ECLI:NL:RBROT:2022:6891
Rechtbank Rotterdam
- Eerste aanleg - enkelvoudig
- Rechtspraak.nl
Beoordeling van de stopzetting van de Ziektewetuitkering van een werknemer met medische beperkingen
In deze uitspraak van de Rechtbank Rotterdam op 19 augustus 2022, wordt het beroep van eiser tegen de stopzetting van zijn Ziektewet (ZW-)uitkering beoordeeld. Eiser, die als operator werkzaam was, is sinds 11 juni 2019 uitgevallen door medische klachten. Het primaire besluit van de Raad van bestuur van het Uitvoeringsinstituut werknemersverzekeringen, dat de ZW-uitkering per 15 januari 2021 stopte, werd door eiser bestreden.

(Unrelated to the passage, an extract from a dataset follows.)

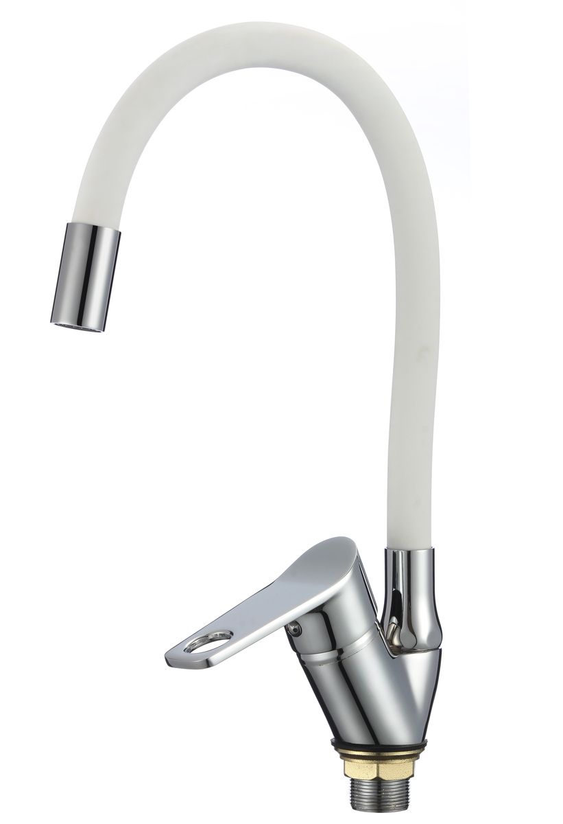 Функциональный однорычажный смеситель для кухни с гибким изливом подойдет для мойки любого размера и стильно дополнит интерьер кухни.
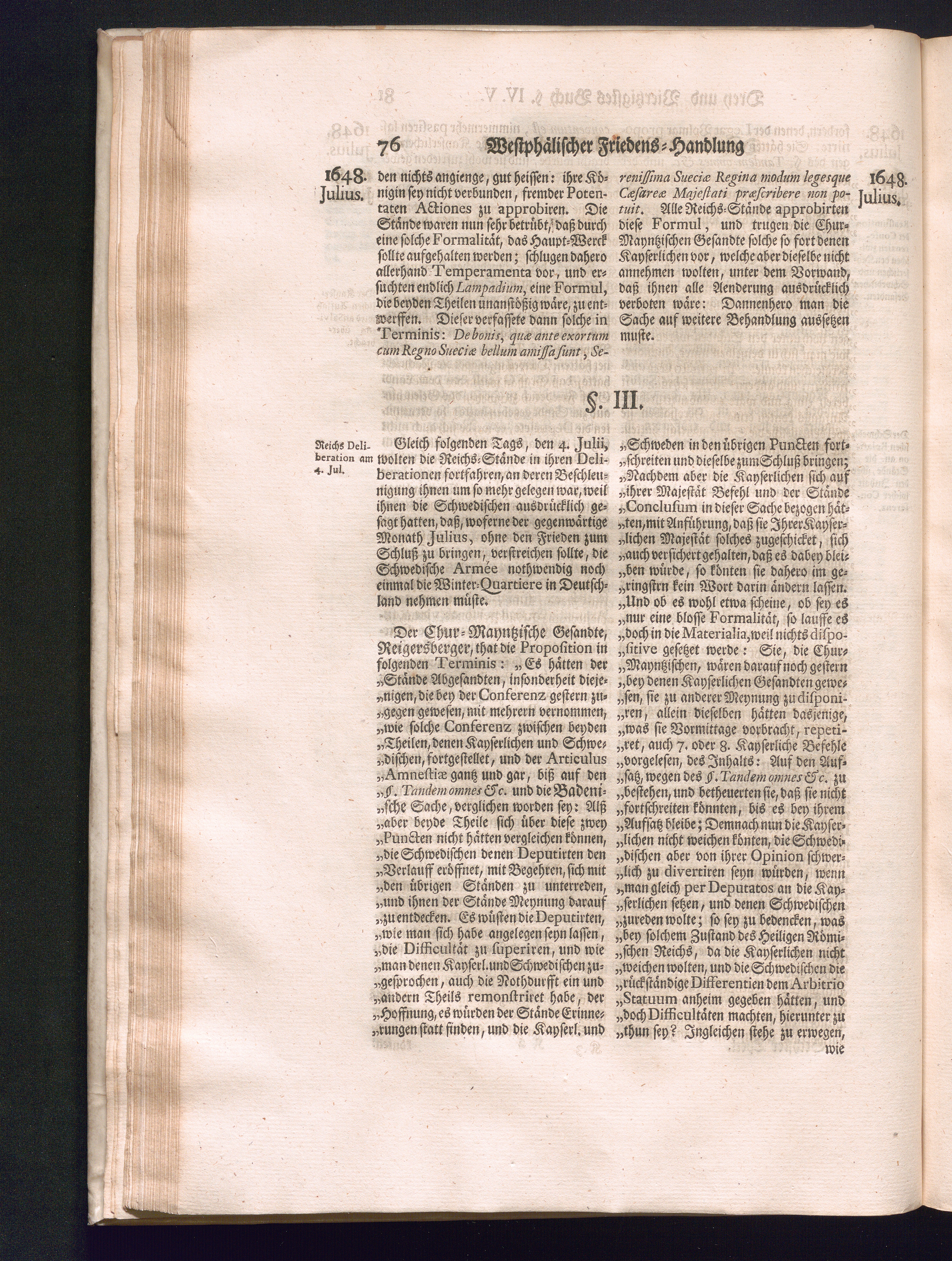 Sechster Theil (1736) Worinnen enthalten ist, was vom Monath Junio des Jahrs 1648. biß zu dem, im Jahr 1649. völlig erfolgten Schluß und Ende des Universal-Friedens-Congressus zu Oßnabrück und Münster, gehandelt und geschlossen worden

De rechtbank heeft op 9 augustus 2022 de zaak behandeld, waarbij verweerder werd vertegenwoordigd door mr. S. Roodenburg.
De rechtbank concludeert dat de medische situatie van eiser correct is vastgesteld. De verzekeringsarts bezwaar en beroep heeft in zijn rapportages aangegeven dat er geen aanleiding is voor aanvullende beperkingen, en dat eiser in staat is om meer dan 65% van zijn eerdere loon te verdienen met de geduide functies. Eiser voerde aan dat hij meer beperkt is dan vastgesteld, maar de rechtbank oordeelt dat hij niet aannemelijk heeft gemaakt dat de verzekeringsarts een onjuist beeld van zijn situatie heeft gehad. De rechtbank oordeelt dat de geduide functies geschikt zijn en dat eiser vanaf 15 januari 2021 geen recht meer heeft op een ZW-uitkering. Het beroep wordt ongegrond verklaard en het bestreden besluit blijft in stand.
De uitspraak benadrukt het belang van een zorgvuldige medische beoordeling en de rol van de arbeidsdeskundige in het vaststellen van de geschiktheid van functies voor de betrokken werknemer. De rechtbank heeft geen aanleiding gezien voor een veroordeling in de proceskosten.